#### [YOUR INSTRUCTIONS]
Skip all pictures. Set down only the lines starting at the line containing "After adding the" and running to the end of the listing.

#### [ENTRIES SUPPLIED]
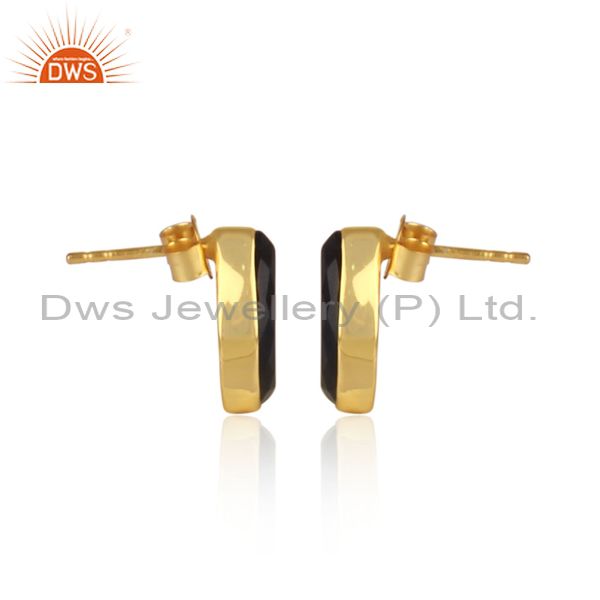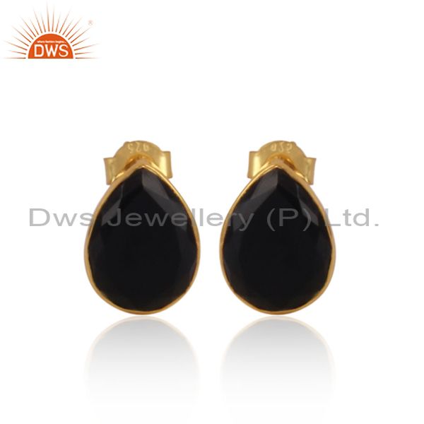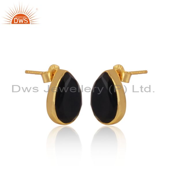 Black Onyx Pear Shape Flat Back Gold Plated Stud Earring In Solid Silver
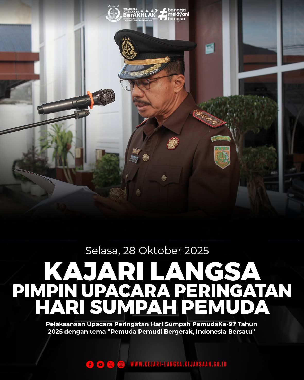 KOTA LANGSA Transparansi – Kepala Kejaksaan Negeri Langsa, Efrianto, S.H., M.H., bertindak sebagai Inspektur Upacara Peringatan Hari Sumpah Pemuda Ke-97 Tahun 2025 dengan tema “Pemuda Pemudi Bergerak Indonesia Bersatu” yang bertempat di halaman Kantor Kejaksaan Negeri Langsa Jl.T. Chick Ditunong, Gampong Jawa, Kecamatan Langsa Kota, Kota Langsa, Selasa, 28 Oktober 2025.
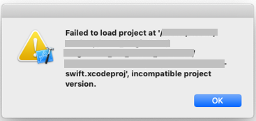 ์๋ฌ(error) failed to load project at '.xcodeproj' incompatible project version ๊ฐ๋ฐ ํ๊ฒฝ(platform) iMac, Xcode 9.2 (9C40b) ์์ธ(cause) Xcode๋ ํ๋ก์ ํธ ๋ด์ ์๋ project.pbxproj ํ์ผ ๋ด์ฉ์ ์ฝ์ด์..
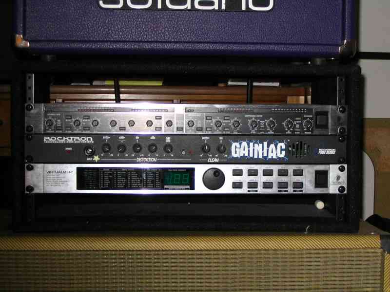 Some unused rack gear including a Behringer Compressor/Limiter, Rocktron Gainiac, and Behringer Virtualizer. I have used the Gainiac's clean channel in my old Last Stretch Rig and on the Last Stretch Demo with my Fender Prenceton Chorus for my clean sound. The distorted channel sounds terrible so I use it for low-fi sounds now and again.
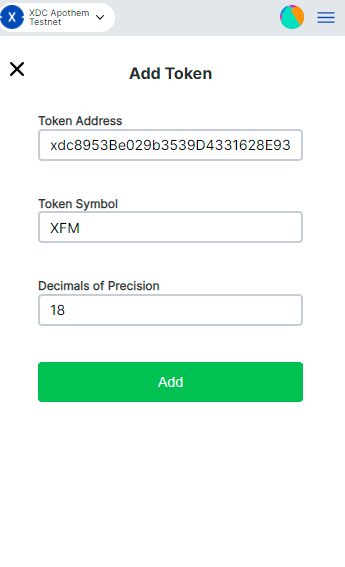 After adding the token you will be able to see the XFM Token on the XDCPay Extension wallet
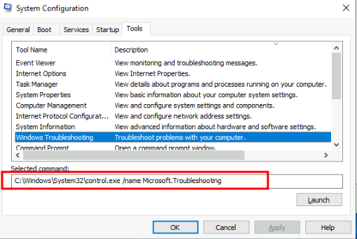 答案: C:\Windows\System32\control.exe /name Microsoft.Troubleshooting

#### [REPLY]
 After adding the token you will be able to see the XFM Token on the XDCPay Extension wallet
 答案: C:\Windows\System32\control.exe /name Microsoft.Troubleshooting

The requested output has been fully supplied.